The study’s findings are particularly interesting because testosterone previously was unrecognized as a factor in the development of uterine fibroids, said Jennifer Lee, MD, PhD, associate professor at the Stanford University School of Medicine and a study co-author.
“The research opens up new lines of inquiry regarding how fibroids develop and how they are treated,” noted Lee in a press statement. “Given that managing uterine fibroids costs an estimated $34.4 billion in annual medical expenditures nationwide, it is important to identify new ways to better treat this common condition.”
WHAT OPTION IS BEST?
The Duke Clinical Research Institute in Durham, NC, is working with nine centers across the United States in a five-year project to evaluate the effectiveness of different treatment strategies for women with uterine fibroids. The project, a collaboration between the Patient-Centered Outcomes Research Institute and the Agency for Healthcare Research and Quality, is designed to help patients and clinicians make more informed choices about treatment options. (Contraceptive Technology Update reported on the study kickoff; see “Duke Clinical Research Institute’s initiative to look at options for uterine fibroids,” December 2014.)
The study is focused on developing a multi-center registry of women who have received surgical treatments for uterine fibroids. This registry, COMPARE-UF (Comparing Options for Management: Patient-centered REsults for Uterine Fibroids), will establish the infrastructure necessary to support patient-centered comparative clinical effec-tiveness research.

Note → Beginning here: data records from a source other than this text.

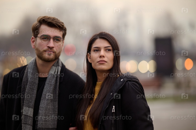 Романтическая пара нежно обнимается, прогуливаясь по улицам города, наслаждаясь вместе досугом в компании друг друга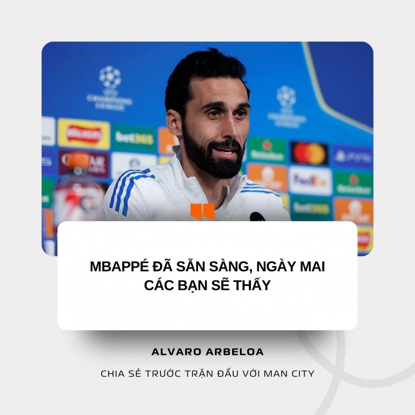 Đánh giá về mức độ khó khăn của trận đấu với Manchester City, Arbeloa nhấn mạnh: “Chúng tôi hiểu rất rõ mức độ khó khăn của trận đấu ngày mai và đối thủ mà mình phải đối mặt. Nếu muốn chiến thắng, chúng tôi phải thi đấu ở đẳng cấp rất cao, giống như trận lượt đi hoặc thậm chí còn tốt hơn, với tinh thần đoàn kết, nỗ lực và hy sinh, đồng thời tìm cách gây tổn thương cho họ.”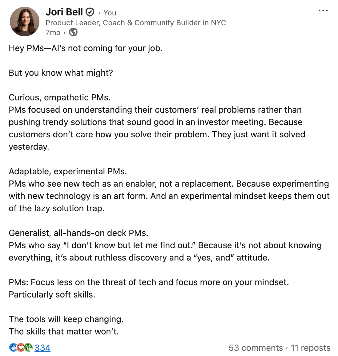 I was genuinely frustrated with what I was seeing then (and now) around how AI is impacting the product function. My authenticity came through and I tapped into something fiery in myself that clearly touched something fiery in other people.

Therapies for isolated heavy menstrual bleeding associated with fibroids include tranexamic acid, an oral antifibrinolytic agent that is taken only on the days of heavy menstrual bleeding. This approach decreases bleeding and improves quality of life with minimal side effects.4 Use of a levonorgestrel-releasing intrauterine device (IUD) or oral contraceptives can decrease menstrual bleeding and provides birth control.
Providers also might consider hysteroscopic myomectomy, an outpatient surgical procedure that allows women with submucosal fibroids to return to work within a few days. Another procedure is endometrial ablation, which uses heat, cold, or mechanical means to reduce menstrual bleeding.

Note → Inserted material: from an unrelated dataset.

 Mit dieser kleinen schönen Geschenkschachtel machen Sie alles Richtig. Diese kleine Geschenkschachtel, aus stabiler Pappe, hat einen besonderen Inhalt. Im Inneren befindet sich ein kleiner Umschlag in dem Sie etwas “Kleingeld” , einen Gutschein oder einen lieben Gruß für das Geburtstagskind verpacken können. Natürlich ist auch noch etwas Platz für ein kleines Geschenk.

In 2014, the Food and Drug Administration warned against the use of laparoscopic power morcellators in most women undergoing myomectomy or hysterectomy for treatment of fibroids. The FDA warned that uterine tissue might contain unsuspected cancer. The use of laparoscopic power morcellators during fibroid surgery might spread cancer, and it decreased the long-term survival of patients.
Therapies for women for whom the size of the fibroid(s) causes symptoms include gonadotropin-releasing hormone agonists, medications that turn off the ovaries’ production of hormones, which reduces menstrual bleeding and causes considerable reduction in uterine volume. Uterine artery embolization, a minimally invasive interventional radiologic technique offers shorter hospital stays and less time to resumption of usual activities.

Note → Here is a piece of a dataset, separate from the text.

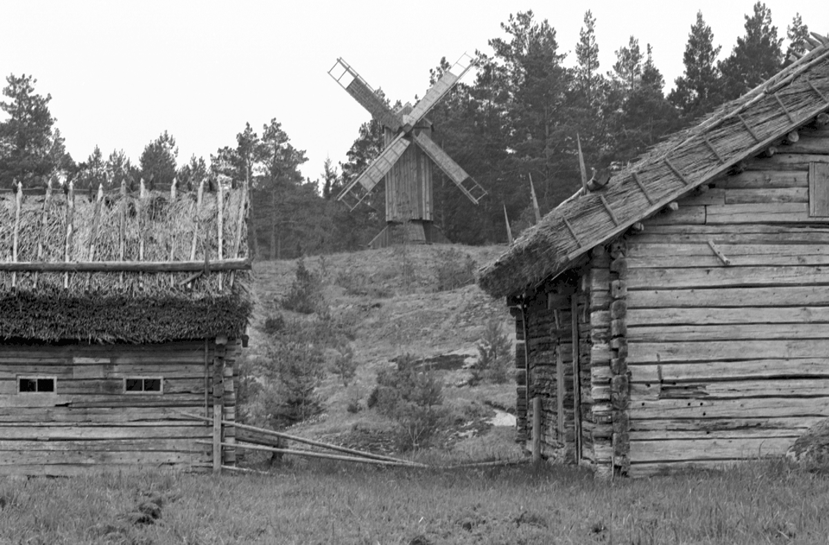 Ålandsresa. Timmrade stugor med vasstak. Väderkvarn
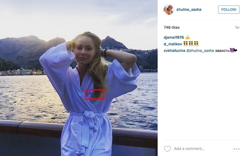 Кроме этого, глава ФБК приводит фото дочери Навки Александры, которая выложила в своем Instagram фото в халате с надписью, напоминающей название яхты.

Providers also might look at MRI-guided focused ultrasound surgery, a fibroid-specific therapy that uses ultrasound thermal ablation to treat fibroids with no incisions and no hospital stay.
Radiofrequency ablation during laparoscopy is useful for destruction of fibroids during laparoscopy.4
- Wong JY, Gold EB, Johnson WO, et al. Circulating sex hormones and risk of uterine fibroids: Study of Women’s Health Across the Nation (SWAN). J Clin Endocrinol Metab 2016; 101(1):123-130.
- Lurie S, Piper I, Woliovitch I, et al. Age-related prevalence of sonographically confirmed uterine myomas. J Obstet Gynaecol 2005; 25:42-44.
- Myers ER, Barber MD, Gustilo-Ashby T, et al. Management of uterine leiomyomata: What do we really know? Obstet Gynecol 2002;100(1):8-17.
- Stewart EA. Clinical practice. Uterine fibroids. N Engl J Med 2015; 372(17):1646-1655.